YOUR ASSIGNMENT:
Would you reproduce exactly, and only, the lines starting at the one with "struck and damaged" and ending at the last line of the data, with both included? Leave the pictures out.

RECORD EXCERPTS:
___
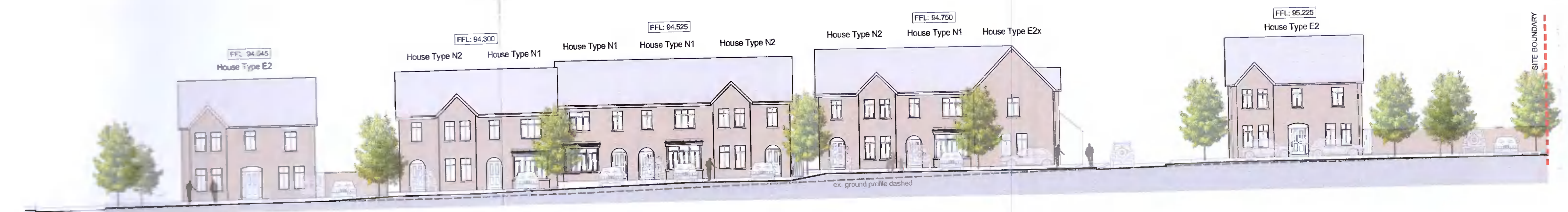
Site Elevation D-D
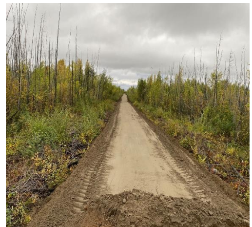
Summer 2022 trail construction on the Four Mile Creek Quad and Walking Trail in Tulita.
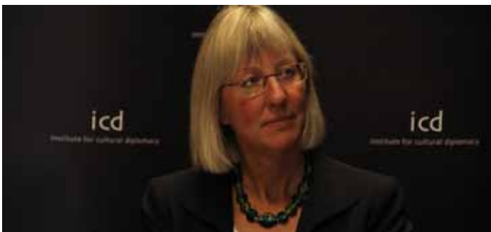
Ingrid Hönlinger (Mdb) Member of the German Parliament
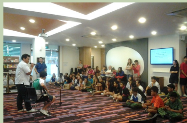
Student sang along with guitarist at CHR Drop-In-Centre (DIC) on 26 Jul

Every Tues for Maths and Thurs for Science, Social Studies, Literature & English 6-8pm
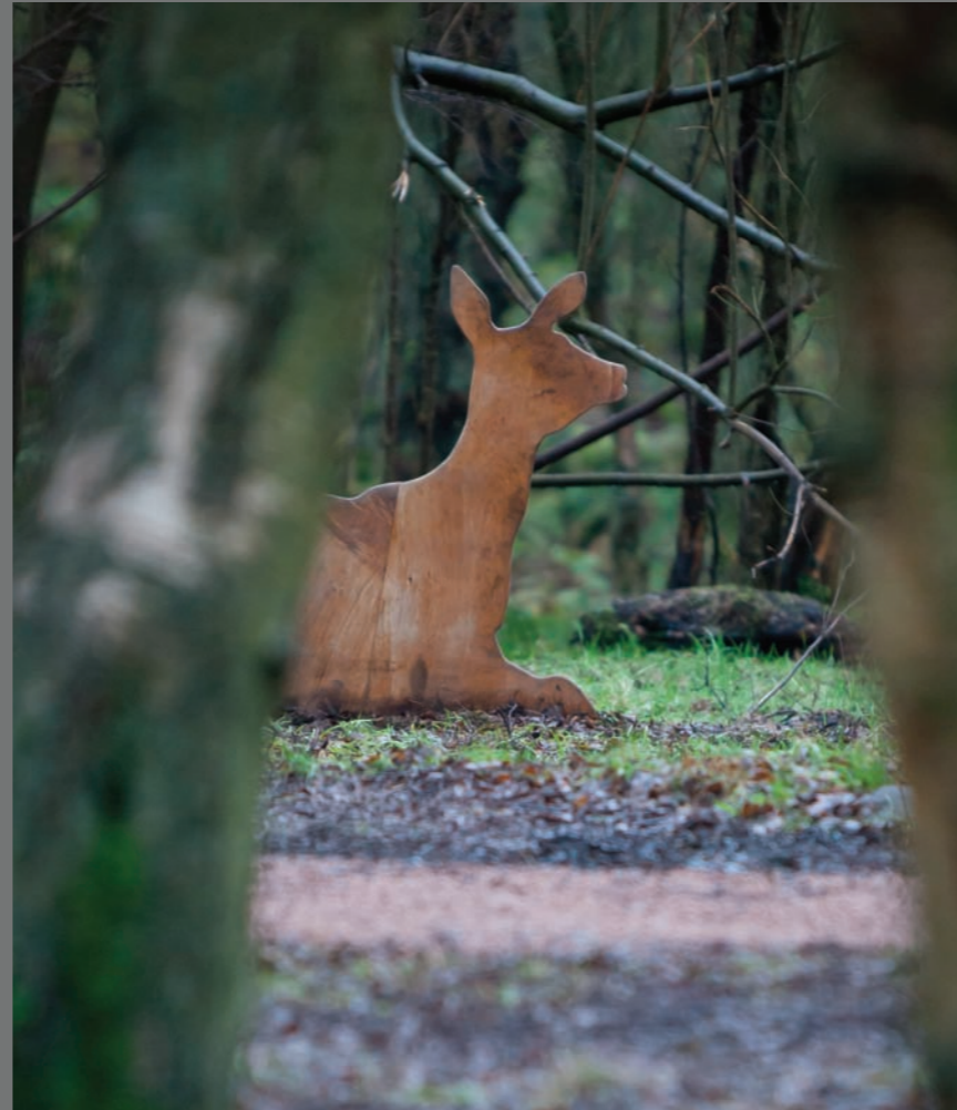
Above & left Station 4: 'Just like Hags, all woodland creatures have special powers' 5 timber animals featuring: Roe deer, Red fox, Red squirrel, European rabbit & Brown long-eared bat and explain their special powers
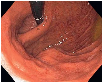
Fig. 2 Esophagogastroduodenoscopy image revealing an approximately 3-cm subepithelial compression in the gastric fundus.
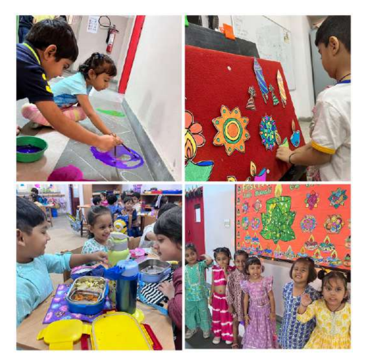
Pre Nursery A

The students of the Primary Section celebrated the festival of lights enthusiastically with their peers and teachers. They were all beautifully dressed up in ethnic wears.
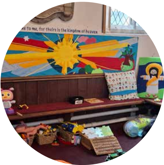
Children's area in SS Peter & Paul's
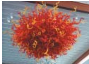
The Sun and the Moon, Glendale Public Library
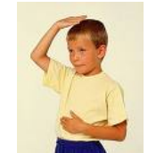
12 Down: Touch your head
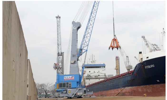
Backbone and backup: the HMK 330 EG can quickly come to the aid of the G HMK 6507 B as soon as the situation requires it.
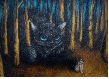
Artwork 2 Confusion Soft pastel on raw board 42 x 29.7 cm (4 pieces)
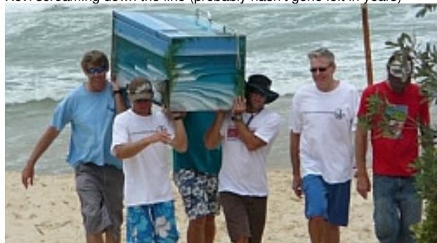
The ceremonial departing of the Treasure Chest
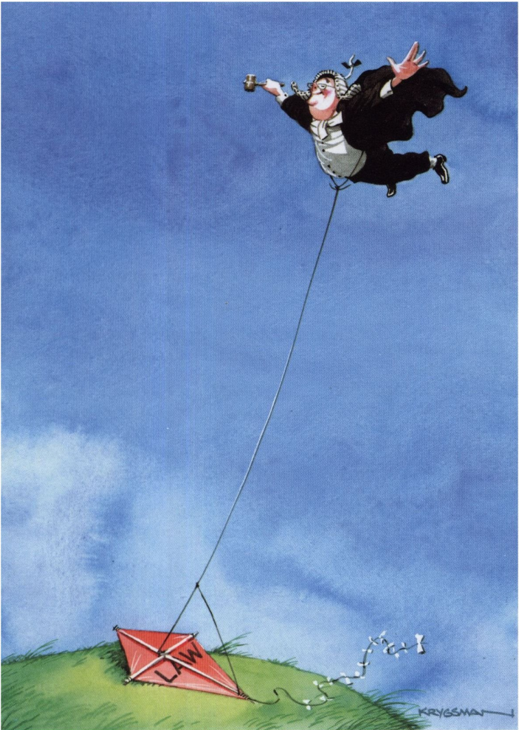
The above illustration is the work of Sturt Krygsman and was first published in The Australian newspaper, October 15, 2003. It is reproduced by permission of the artist and the original is now in the possession of the author.
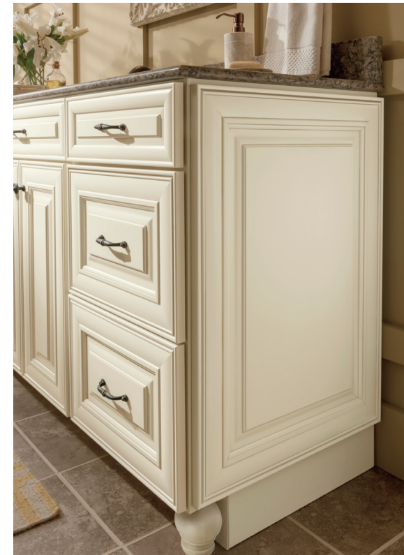
Furniture Ends with Decorator Doors

Dress up your vanity with decorative details that you'll enjoy for years to come.
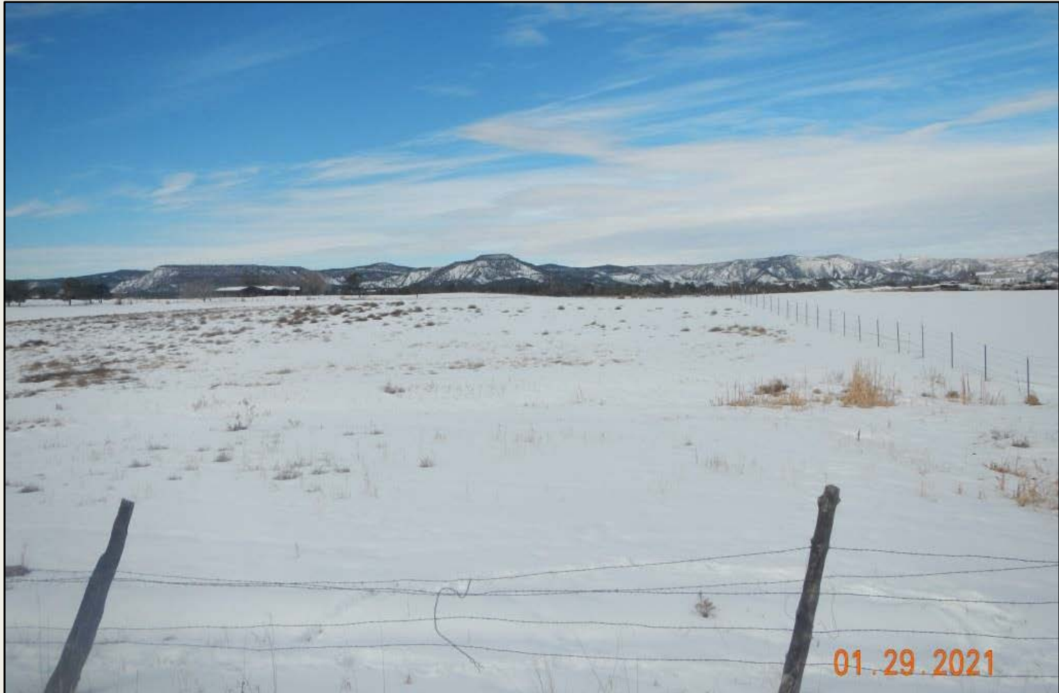
Photo 5. View of the reference area comprised of open pasture, largely snow covered at this time.
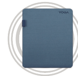
Yoga 14-inch Sleeve
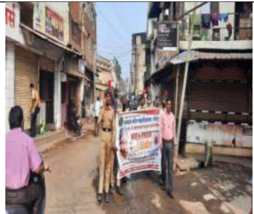
Awareness Rally for Blood Donation Camp
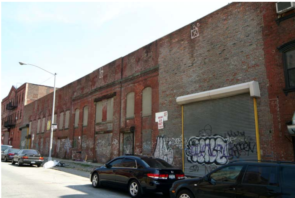
58 to 70 Kent Street
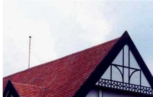
Figure 1: A photograph of the RSC building taken in 1998. The building was installed with an Australian made ESE air terminal

struck and damaged the façade which was about 20m away (Figure 2).
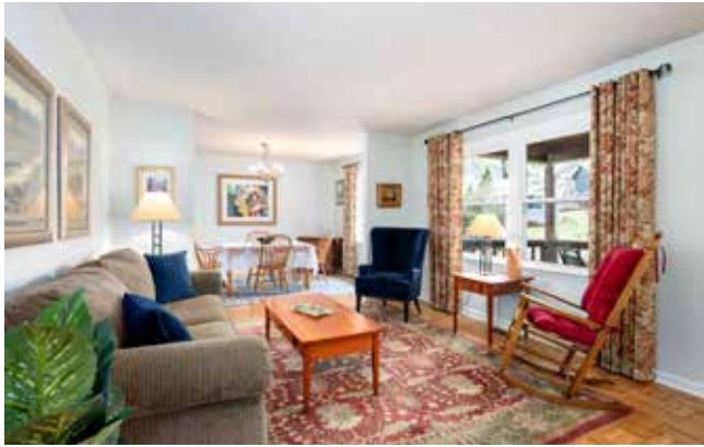
Bright Living Room
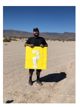
Tony's Mystery Box
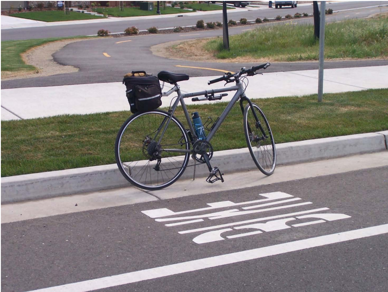
Redbud Trail north end of east trail at E. Commerce Way; curb cut and signage
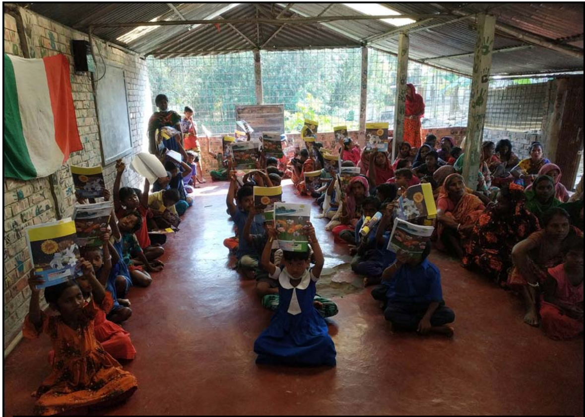
Materials distributed at the Jogahati village...
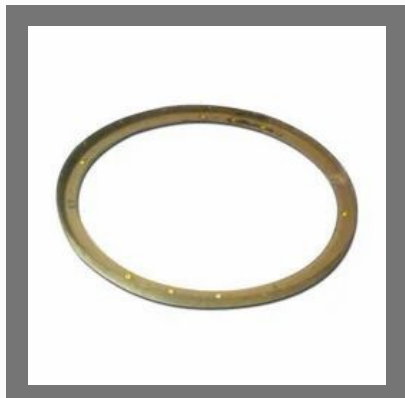
Rolled Angle Ring
___
ANSWER TO THIS PROBLEM:
struck and damaged the façade which was about 20m away (Figure 2).
Bright Living Room
Tony's Mystery Box
Redbud Trail north end of east trail at E. Commerce Way; curb cut and signage
Materials distributed at the Jogahati village...
Rolled Angle Ring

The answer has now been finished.